**Activity**
Output, exactly and with no pictures, the line that contains "外套女春秋2018新款時尚chic簡約寬松顯瘦中長款呢子外套女配腰帶" and every line that comes after it in the data below, the last one included.

**Data to examine**
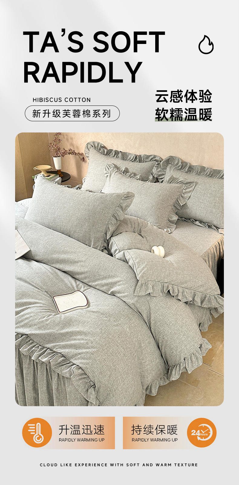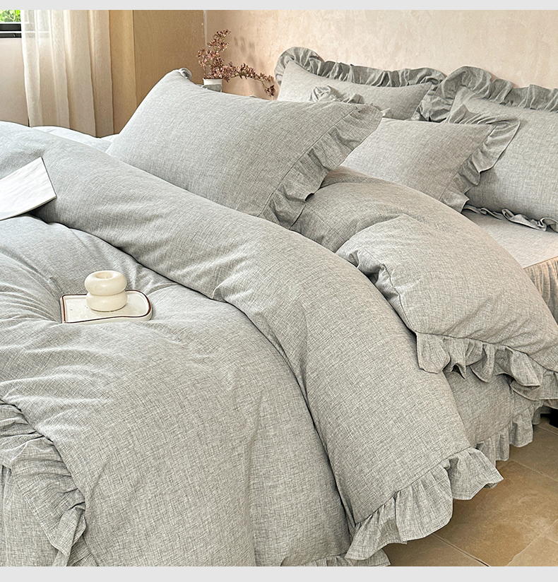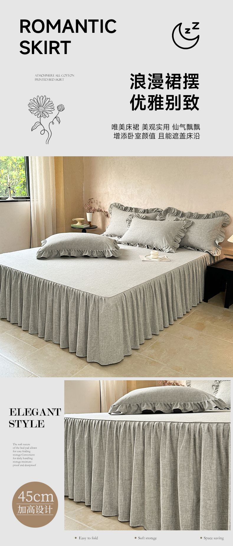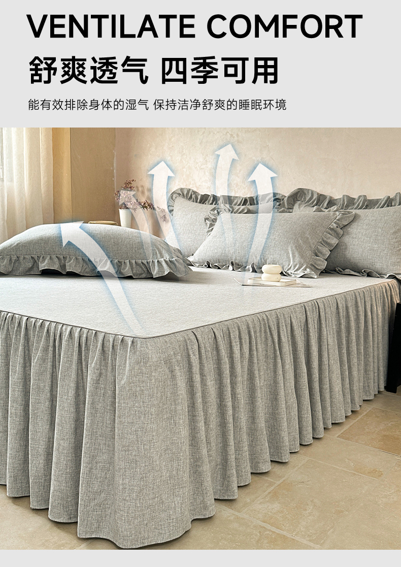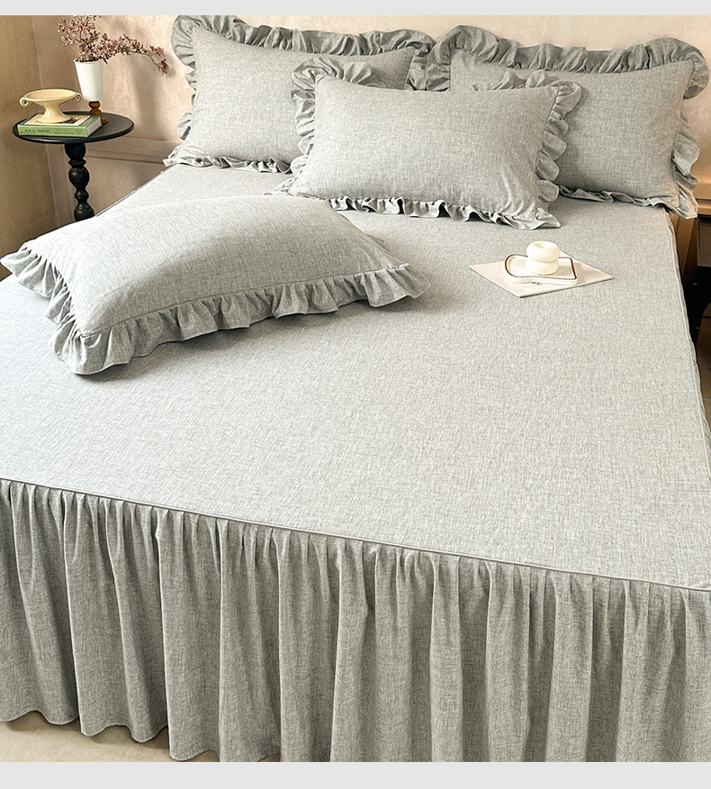 商品名称:忘忧草 2026新款纯色色织芙蓉棉床裙四件套-维密系列 维密-沉稳灰
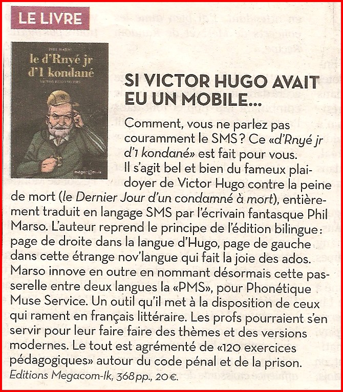 REVUE DE PRESSE « le d'Rnyé jr d'1 kondané Victor Hugo vo PMS » de Phil Marso Victor Hugo traduit en langage SMS / PMS !!! |
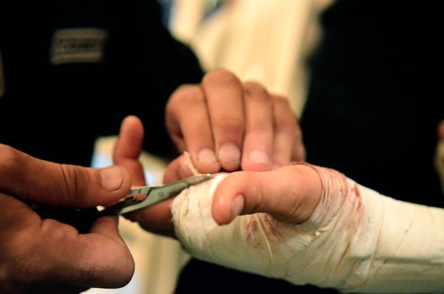 Cuando el presentador Mauro Jiménez anuncia a Alejandra Azul, todos los hombres presentes se paran. Algunas de las esposas o parejas los sientan. De inmediato se convierten en fanáticos de una mujer a la que apenas han visto. La belleza atrae. Mientras a Azul le revisan los guantes, un espectador llamado Angelo levanta un vaso de ron y brinda por ella. “¡Vamos, mamasita!”, grita. Después anuncian a Paola Calderón y los chiflidos evidencian la preferencia por la atlética Azul. Es la cuarta pelea y ya algunos presentes están pasados de tragos. Botella de Ron Medellín a $100.000, botella de aguardiente antioqueño $80.000, agua, energizantes y gaseosas a $6.000. Una docena de jóvenes son detenidos por el staff de seguridad cuando se acercan a la jaula para tomar fotos con sus cámaras. “Azul, Azul, una foto”, grita un chico. Ella no se inmuta, está concentrada.
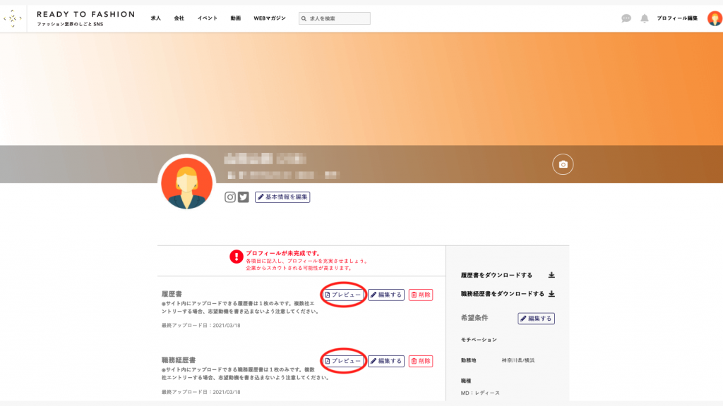 プロフィール編集画面の「プレビュー」をクリックすると、アップロードした履歴書・職務経歴書を確認できます。
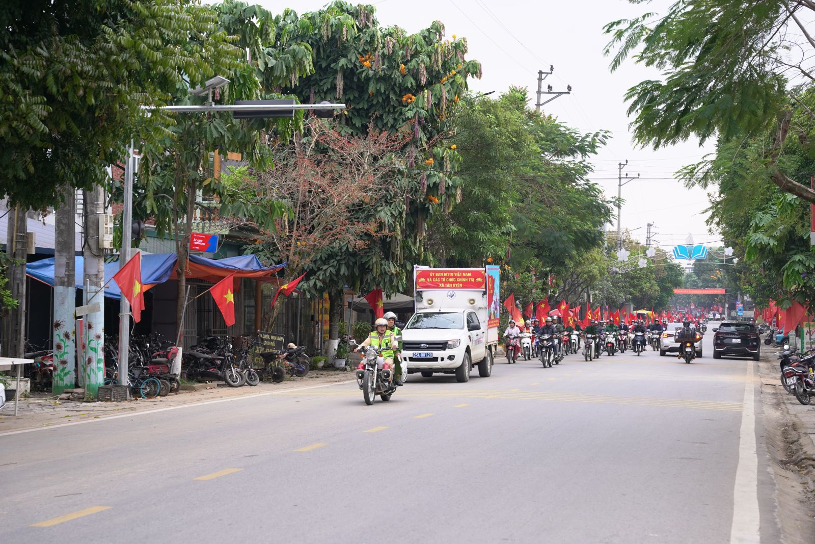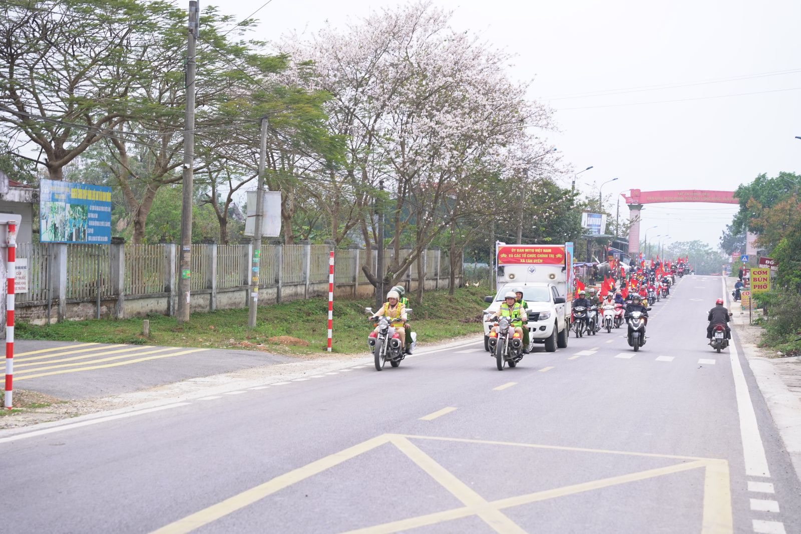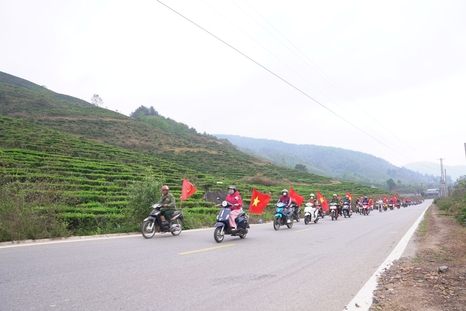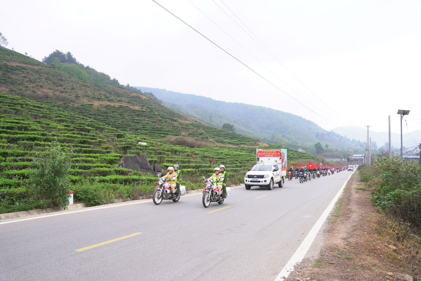 Ảnh: Đoàn cổ động diễu hành qua các trục đường chính của xã Tân Uyên
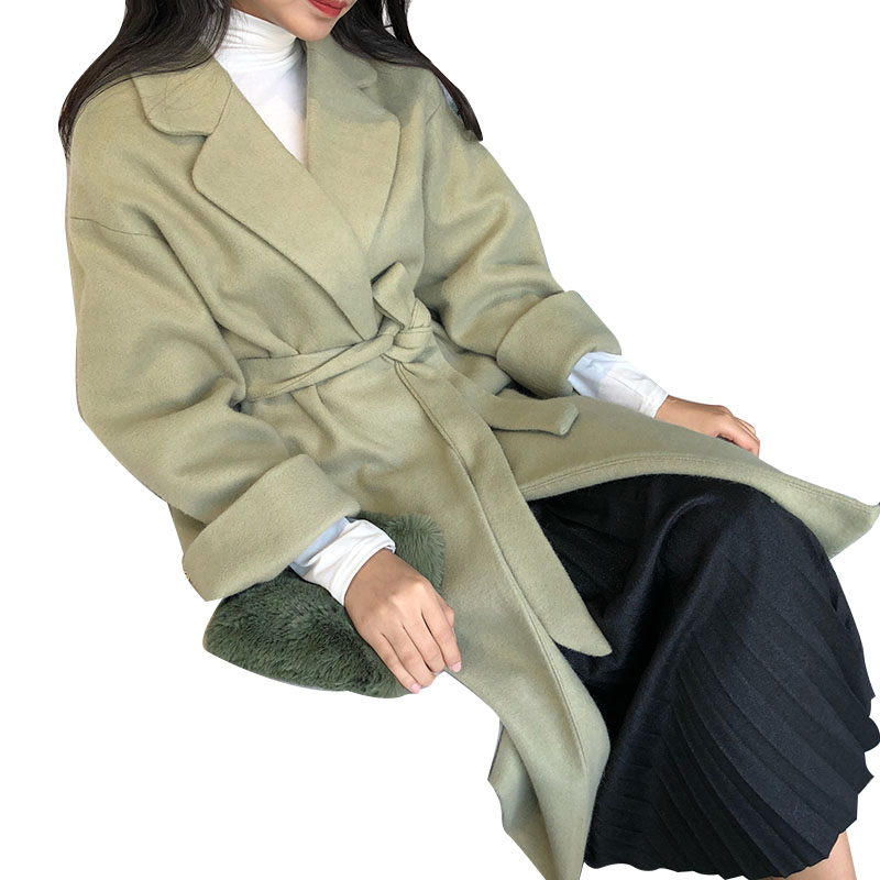外套女春秋2018新款時尚chic簡約寬松顯瘦中長款呢子外套女配腰帶
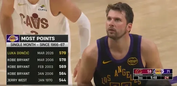 这样一来,东契奇三月得到600分&超越科比的578分,独居湖人队史单月总得分榜第一位。

**Response**
外套女春秋2018新款時尚chic簡約寬松顯瘦中長款呢子外套女配腰帶
 这样一来,东契奇三月得到600分&超越科比的578分,独居湖人队史单月总得分榜第一位。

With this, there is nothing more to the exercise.